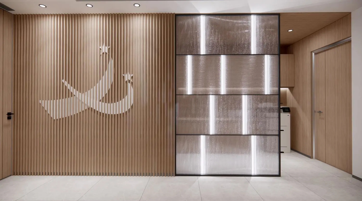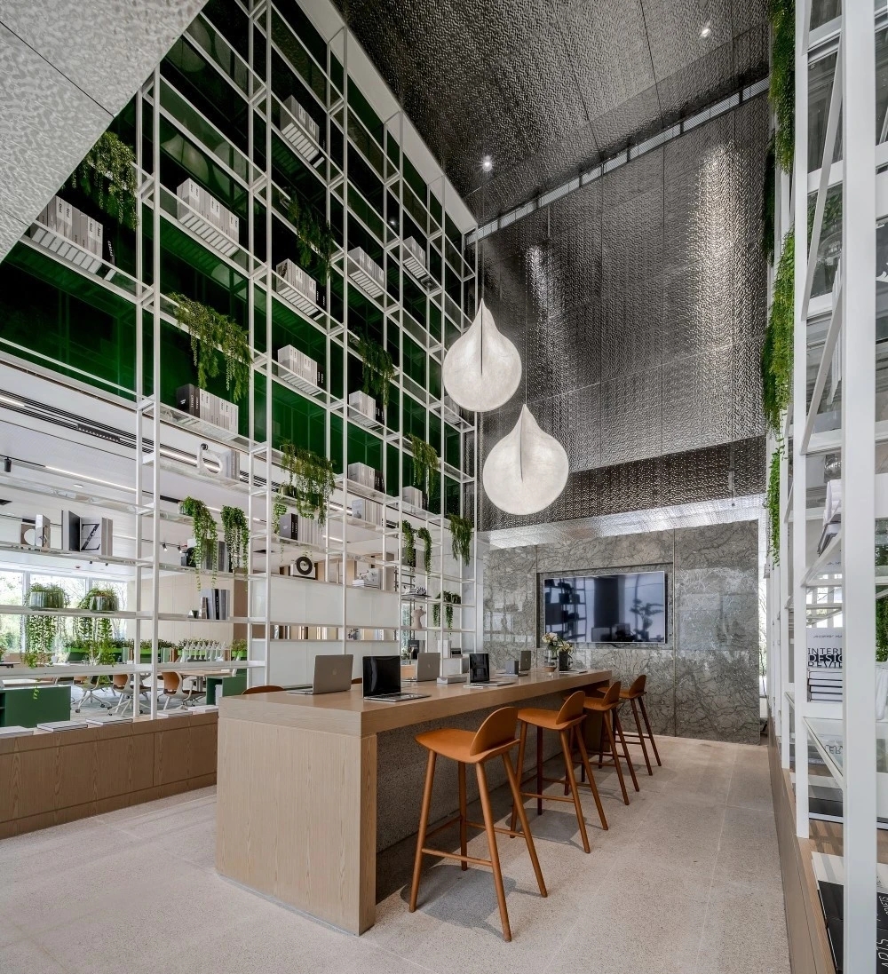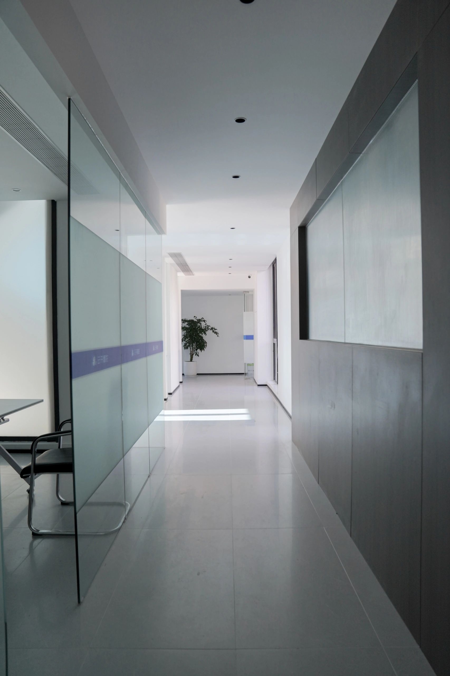 金属的冷硬与玻璃隔断的通透增加了空间扩张感让前台区域不仅是接待处也成为引导视觉探索的焦点
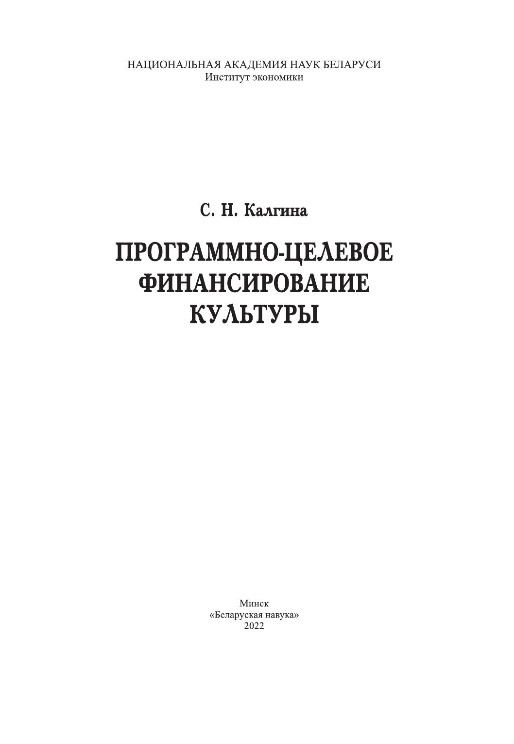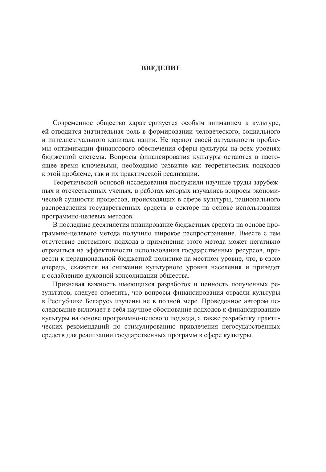 В монографии рассмотрены теоретические и практические аспекты использования программно-целевого финансирования в бюджетном процессе. Исследован зарубежный и отечественный опыт распределения бюджетных средств в сфере культуры на основе программно-целевого подхода. Изложены предложения по реформированию системы программно-целевого финансирования культуры в Республике Беларусь с целью усиления результативности использования государственных средств.
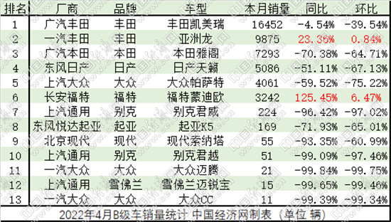 部分合资B级车4月销量统计 数据来源:乘联会
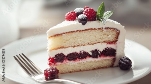 A tempting slice of vanilla cake layered with fresh berries and cream on a white plate, capturing the textures and colors of a delightful dessert treat.
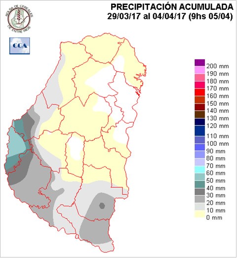 El cambio de ambiente observado tras el pasaje frontal se fundamente en quiebre de la circulación del noreste que había predominado desde la última semana de marzo. Recordemos que en la segunda decena de días del mes pasado, se apreció un primer indicio de transición estacional que no logró afianzarse, lo cual reposicionó los temores sobre la repetición de abril del año pasado. Los temores eran razonables y si bien la provincia de ER no ha tenido que lidiar con lluvias desmesuradas en el último evento, otros sectores de la región pampeana han sufrido inundaciones y excesos significativos que pueden redundar en pérdidas de importancia.
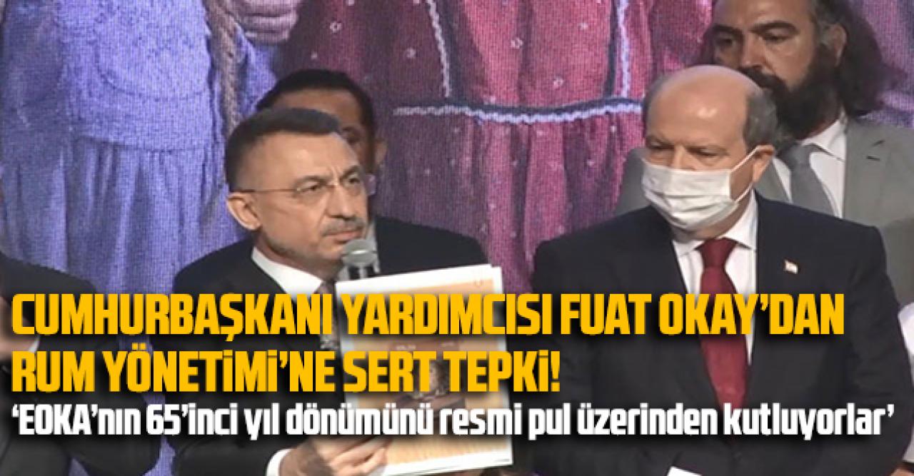 Cumhurbaşkanı Yardımcısı Fuat Oktay, Kuzey Kıbrıs Türk Cumhuriyeti’nin (KKTC) Gazimağusa kentinde çekimleri süren TRT’nin yeni dizisi "Bir Zamanlar Kıbrıs'ın" galasına katıldı. Burada, Rum Yönetimi’nin Kıbrıslı Türkleri acımasızca katleden terör örgütü “EOKA Mücadelesi’ nin 65’inci yıl dönümüne bastırdığı pullara tepki gösteren Oktay, Rum Kesimi’nden zarf içerisinde KKTC’deki Beyarmudu (Pile) Belediye Başkanı İlker Edip’e gönderilen terör örgütü “EOKA Mücadelesi’ nin 65’inci yıl dönümüne ilişkin pul gönderildiğini ve pullar internet ortamında 6 TL'den satışa çıkarıldığını belirtti.
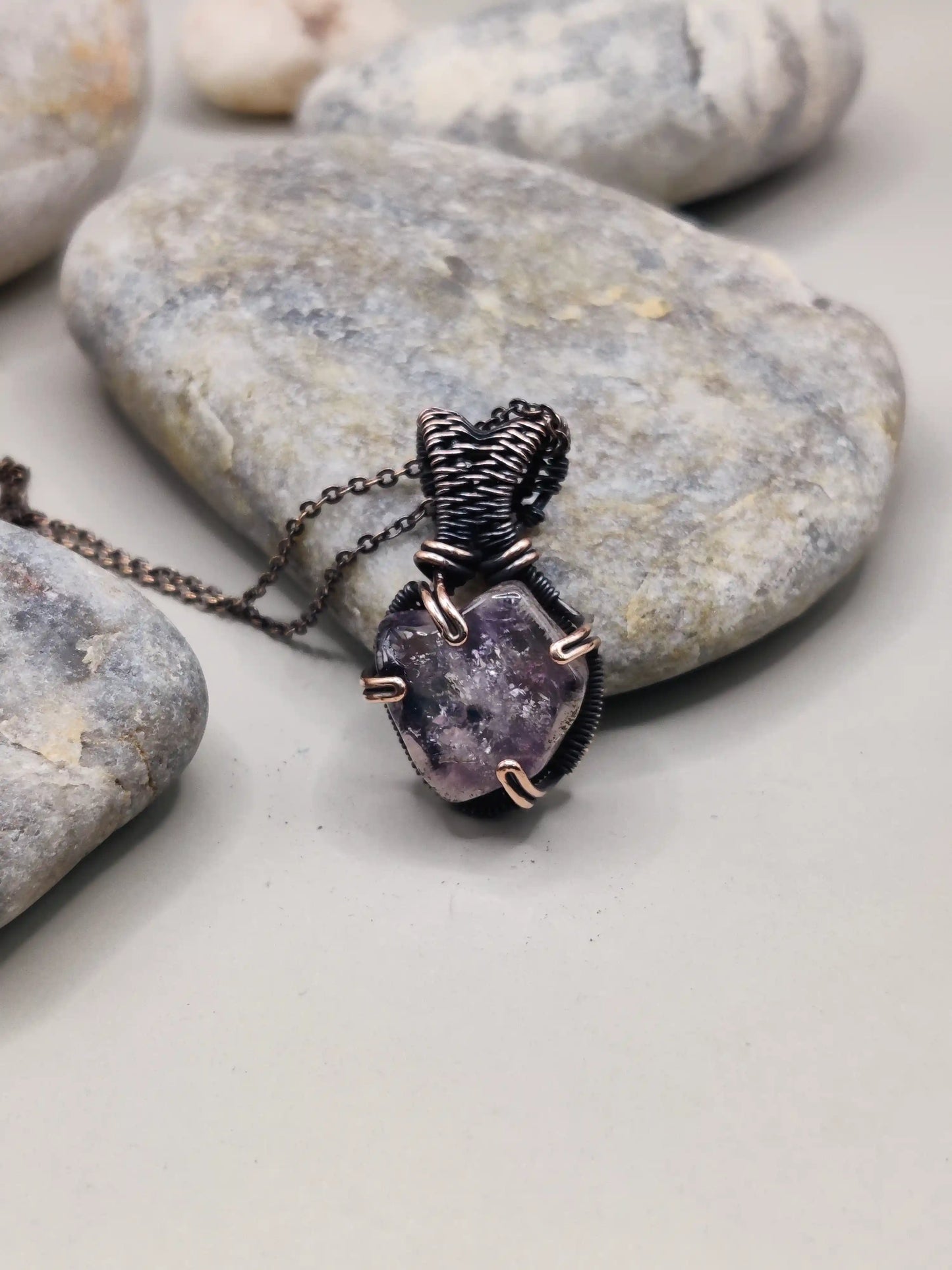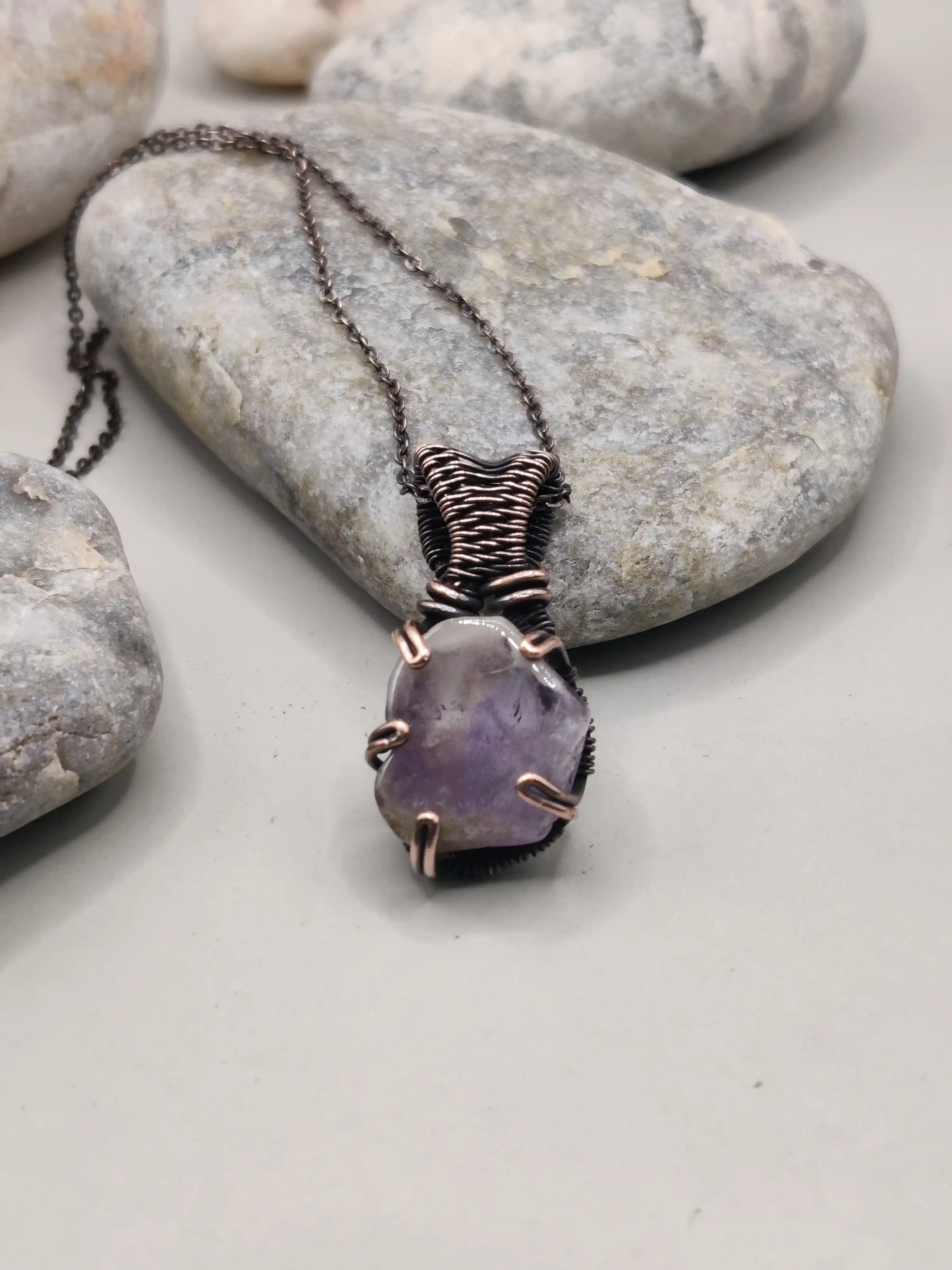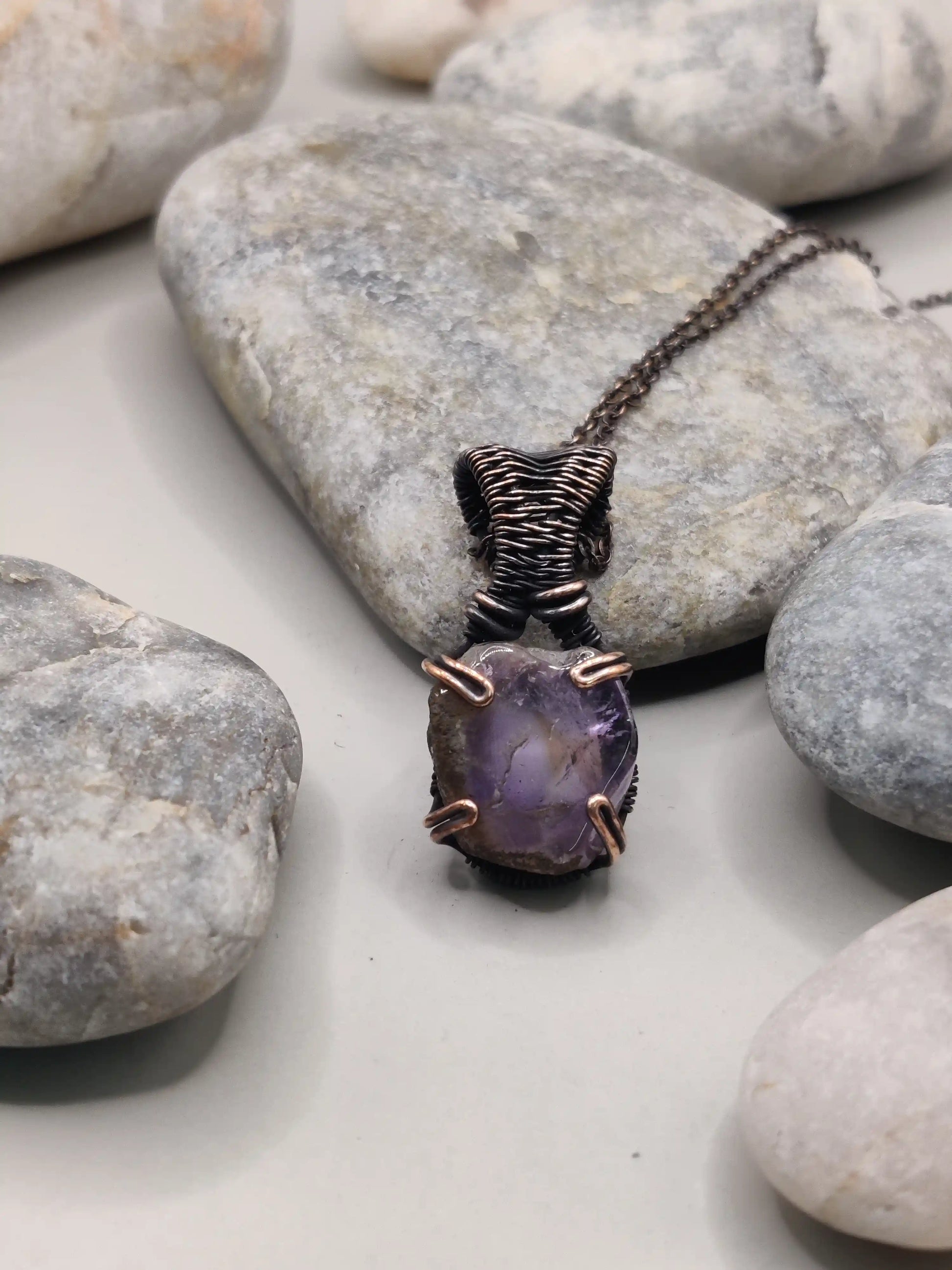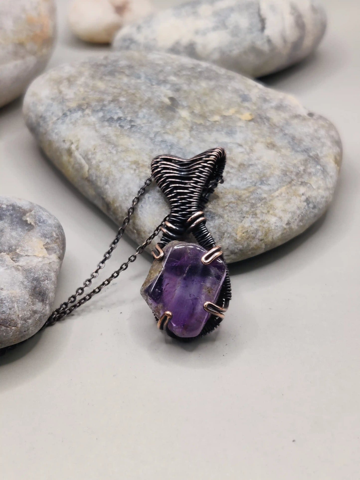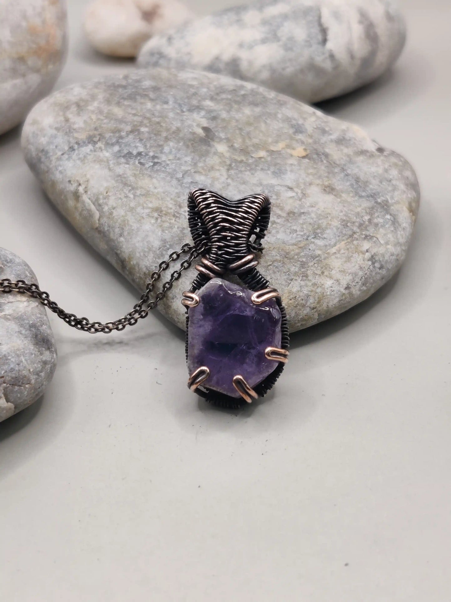 This necklace features a luminous amethyst pendant wrapped in oxidized copper, with intricate wirework that accentuates the natural beauty of the stone. Paired with a matching copper chain, the design exudes elegance and spiritual strength.

_ _ _ _ _ _ _

Try it >>
Within these entries, output exactly the lines starting at the one with "El cambio de" and finishing at the one with "Cumhurbaşkanı Yardımcısı Fuat". Leave pictures out of the output.

Exercise result >>
 El cambio de ambiente observado tras el pasaje frontal se fundamente en quiebre de la circulación del noreste que había predominado desde la última semana de marzo. Recordemos que en la segunda decena de días del mes pasado, se apreció un primer indicio de transición estacional que no logró afianzarse, lo cual reposicionó los temores sobre la repetición de abril del año pasado. Los temores eran razonables y si bien la provincia de ER no ha tenido que lidiar con lluvias desmesuradas en el último evento, otros sectores de la región pampeana han sufrido inundaciones y excesos significativos que pueden redundar en pérdidas de importancia.
 Cumhurbaşkanı Yardımcısı Fuat Oktay, Kuzey Kıbrıs Türk Cumhuriyeti’nin (KKTC) Gazimağusa kentinde çekimleri süren TRT’nin yeni dizisi "Bir Zamanlar Kıbrıs'ın" galasına katıldı. Burada, Rum Yönetimi’nin Kıbrıslı Türkleri acımasızca katleden terör örgütü “EOKA Mücadelesi’ nin 65’inci yıl dönümüne bastırdığı pullara tepki gösteren Oktay, Rum Kesimi’nden zarf içerisinde KKTC’deki Beyarmudu (Pile) Belediye Başkanı İlker Edip’e gönderilen terör örgütü “EOKA Mücadelesi’ nin 65’inci yıl dönümüne ilişkin pul gönderildiğini ve pullar internet ortamında 6 TL'den satışa çıkarıldığını belirtti.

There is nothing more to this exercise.